YOUR ASSIGNMENT: Exactly the lines below, starting with the one containing "2022年北师大版一年级上册数学期末测试卷十(图片版)(3)" and going on through the one containing "Sun Yaara actor", must be reproduced, both ends included, and no pictures with them.

[Saved data entries]
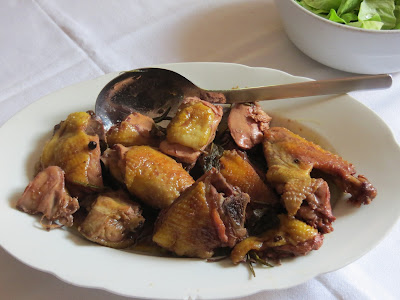 Quando il pollo sarà ben rosolato da tutti i lati, versate l’intruglio, con tutto quello che avete messo a macerare, abbassate la fiamma, coperchiate e lasciate cuocere per almeno mezz’ora.
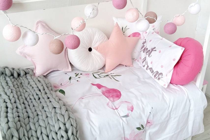 В современных стилях, в частности скандинавском, пользуется популярностью дополнение детской спальни светящимися шариками в виде гирлянды. Ее можно использовать в качестве ночника для мягкого освещения. При дневном свете гирлянда оригинально дополнит интерьер.
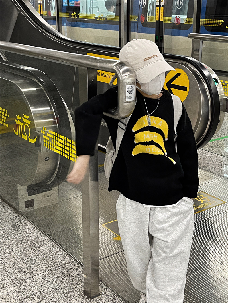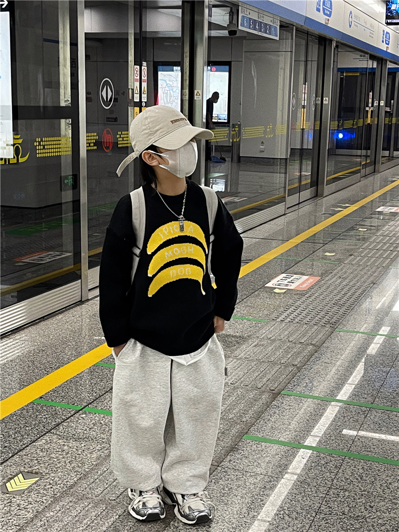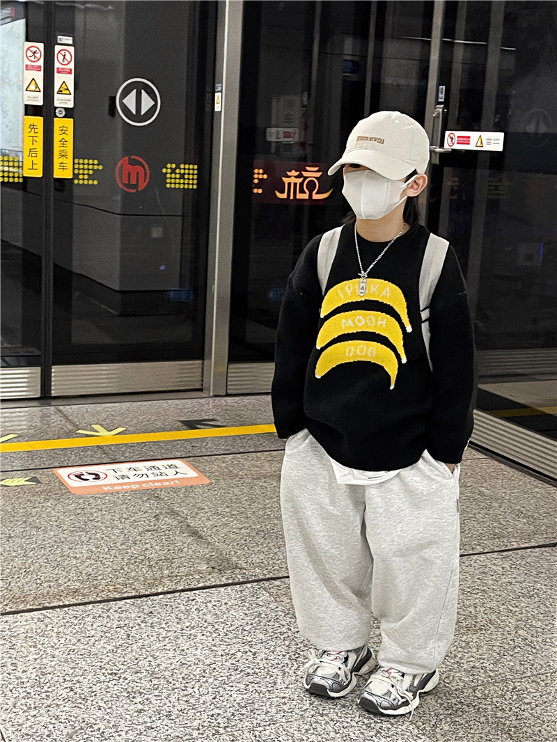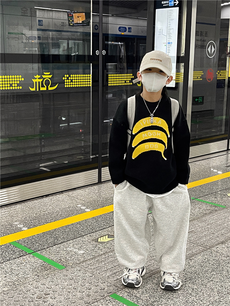 Baoduo 아동복 소년 가을과 겨울 스웨터 2023 새로운 아기 가을 라운드 넥 풀오버 겨울 스웨터
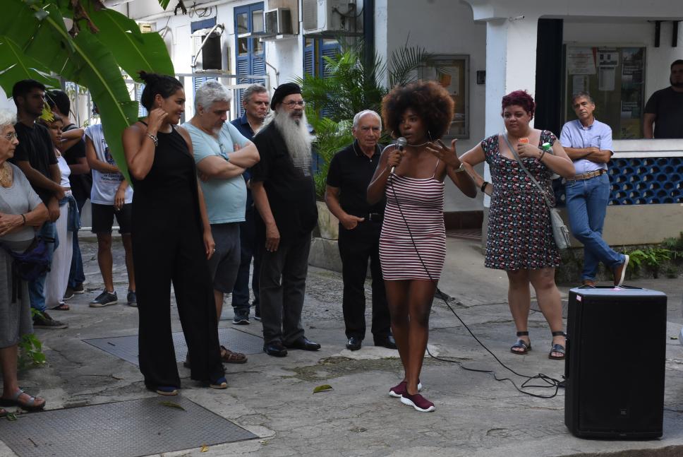 Aluna discursa na homenagem.
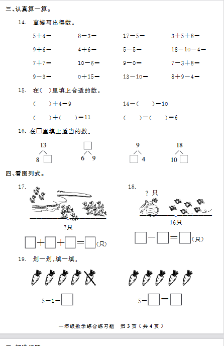 2022年北师大版一年级上册数学期末测试卷十(图片版)(3)
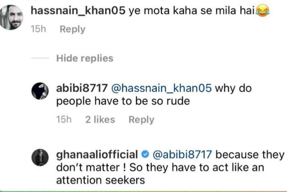 Sun Yaara actor Ghana Ali, who tied the knot with businessman Umair Gulzar, has responded to mean comments of netizens who body shamed her husband.
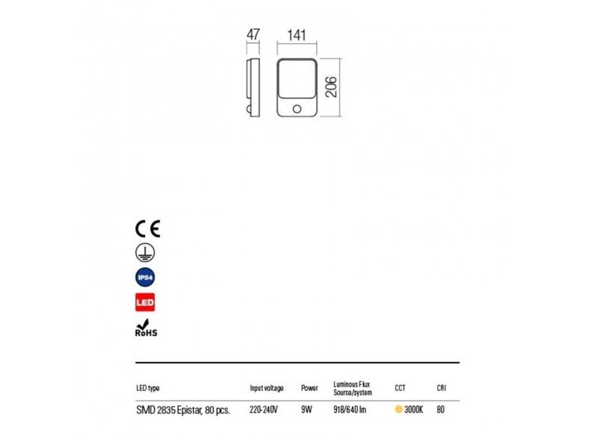 Дополнительное преимущество модели – встроенный датчик движения, который автоматически активирует свет при появлении человека и выключает его при отсутствии движения, что способствует экономии электроэнергии и повышению уровня безопасности. Светильник из коллекции COLIN (REDO) идеально подходит для установки как на частных домах, так и на коммерческих объектах, а гарантия на изделие составляет 12 месяцев.

RESPONSE TO THE EXERCISE:
 2022年北师大版一年级上册数学期末测试卷十(图片版)(3)
 Sun Yaara actor Ghana Ali, who tied the knot with businessman Umair Gulzar, has responded to mean comments of netizens who body shamed her husband.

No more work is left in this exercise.